In addition to duplication events, some genes in eukaryotes can undergo alternative splicing to increase their expressional flexibility, and increase the complexity at the transcriptome or proteome level [8, 9]. The relationship between alternative splicing (AS) and gene duplication is an interesting question in the evaluations of gene functions and evolution. Previous studies have shown that there was a negative correlation between gene duplication events and AS especially in newly duplicated genes in human [6, 10], and C. elegans[11, 12]. These results implied that duplication and AS may share similar function and therefore can be interchangeable in evolution [10, 13]. However, there was also a recent study reported where duplicated genes actually had a higher proportion of AS and larger number of AS isoforms per duplicated locus in human [14]. Whether duplicated genes tend to gain more AS compared to single copy genes (singletons), and the relationship between gene duplication and AS in evolution, are unsolved and interesting questions to be answered.

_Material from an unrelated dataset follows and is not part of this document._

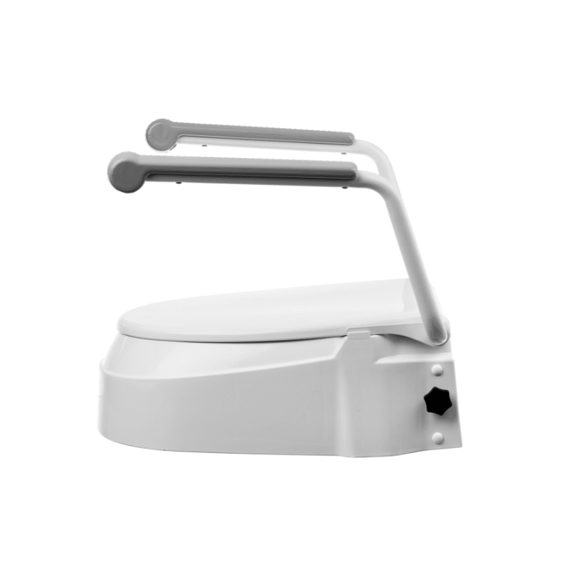 Med en toiletforhøjer bliver det nemmere at rejse sig fra toilettet. Toiletforhøjeren kan justeres i tre forskellige højder, og er let at spænde fast i hullerne, hvor det originale toiletsæde har været monteret. Det er også muligt at skråstille sædet, så det kan hæves både foran eller bagved.

There are two advances we make to help answer this question. First, it has been found that fewer newly duplicated genes possess AS, and it also has been suggested that the acquirement of AS after gene duplication is one factor to avoid pseudonization or gene loss in plants and Drosophila [15, 16]. Therefore, the age of duplication may play an important role in acquiring AS. Hence we took this into consideration in this study by defining gene duplicates with different identity criteria. Second, aided by improved sequencing technology and increasing EST and cDNA experimental data, many more alternative splice isoforms had been identified [17, 18]. Most human genes are expected to have alternative splicing isoforms [19]. The relationship between alternative splicing and gene duplication using the newly updated data is worthy of further investigation.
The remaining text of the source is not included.